Doctor leaves maternity leave to join Welsh cave rescue mission

Dr Rebecca Specht left her 17-week-old baby for the first time to save George Linnane, 38 (Picture: Wales News Service)

A heroic doctor, broke off her maternity leave to take part in the rescue operation to free a trapped caver in Wales.

Rebecca Specht left her 17-week-old baby for the first time to join in the mission to save George Linnane, 38.

She was the first doctor on the scene and spent eight-hours underground during the course of the rescue mission.

Mr Linnane had fallen 50ft before he became trapped for 54 hours with chest injuries and a broken tibia, fibula and jaw.

The alarm was raised in Ogof Ffynnon Ddu – Welsh for Black Fountain Cave – near Penwyllt, Powys, on Saturday, November 6.

Dr Specht, 37, a doctor with the rescue team, had been due at a caving club social event with her family when she got the alert.

She said: ‘When I arrived it became apparent that I was the first doctor on-site and the minimal information we had was that the casualty had sustained some significant injuries.

‘I made the decision to go into the cave, as team doctor, because I knew that I would be the first doctor who would be physically able to get to him.

Dr Specht spent eight hours helping with the rescue before husband Morgan, a caving instructor, also joined (Credits: Wales News Service)

‘He was able to speak throughout the rescue, but he had multiple injuries and quite significant injuries.’

Dr Specht spent eight hours helping with the rescue before her husband Morgan, a caving instructor, also joined.

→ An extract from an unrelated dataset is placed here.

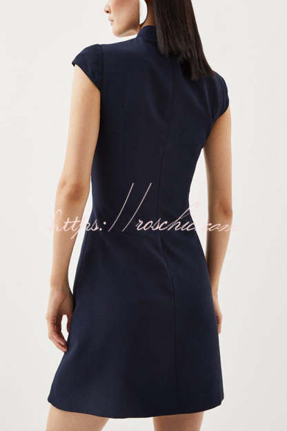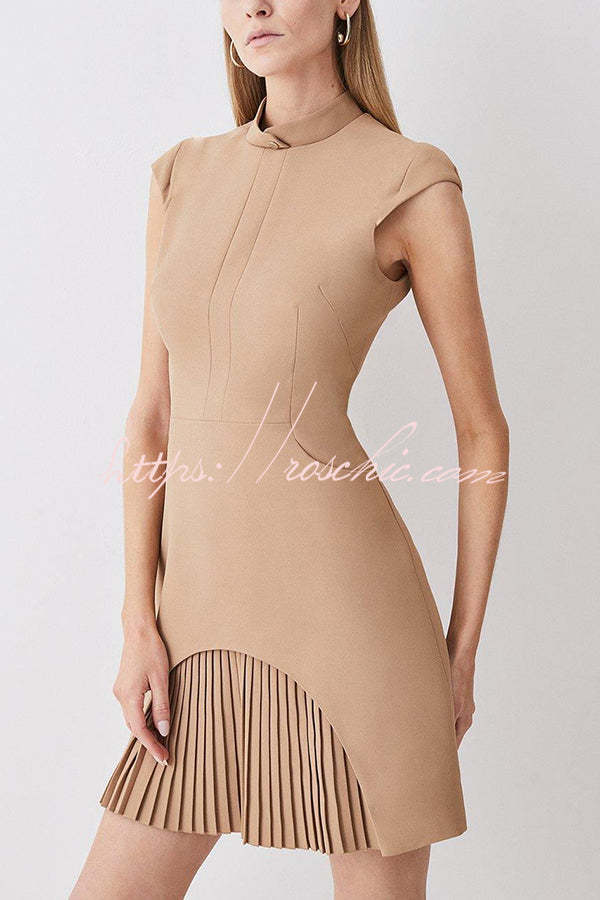 Military Style Cap Sleeve High Neck Patchwork Pleated Hem Mini Dress

She said: ‘Franklin is 17-weeks-old and it is actually the first time that I’ve left him.

‘There was the added anxiety of leaving a breast-fed baby behind for eight hours with no communication from above ground to below.

‘His daddy did a fantastic job of looking after him while I was gone and I think that it was worth doing that in order to help in this situation.

Rebecca with Franklin who is just 17-weeks old (Credits: Wales News Service)

Dr Specht, of Whitchurch, Cardiff, spent a total of eight hours underground from Saturday evening until about 2am on Sunday.

She said: ‘I was there when he came out of the cave so it was a fantastic feeling.

‘I felt quite emotional after two-and-a-half days and a real relief to get him out.’

Her husband Morgan arrived on the scene in a camper van with their children Milo and Franklin.

The couple then switched so caving instructor Morgan could help with the rescue.

He said: ‘She peered back through the van door at 2am then we swapped.

It took 300 volunteers 54 hours to rescue Mr Linnane, among the tema were Rebecca and Morgan (Credits: Wales News Service)

‘I got kitted up and went down for 12 hours. I was working to help move the stretcher, we moved it around 500m.’

It took 300 volunteers 54 hours to rescue Mr Linnane, from Bristol.

Following the rescue, there has been an outpouring of public support for the teams involved and a number of fundraising pages set up for the South and Mid Wales Cave Rescue Team, which are based in Penwyllt near the cave system in the Swansea Valley.

The organisation’s aim is now to raise £15,000 after thousands of pounds worth of equipment became lost or damaged, and over two days worth of food and supplies were needed to accommodate the hundreds of volunteers.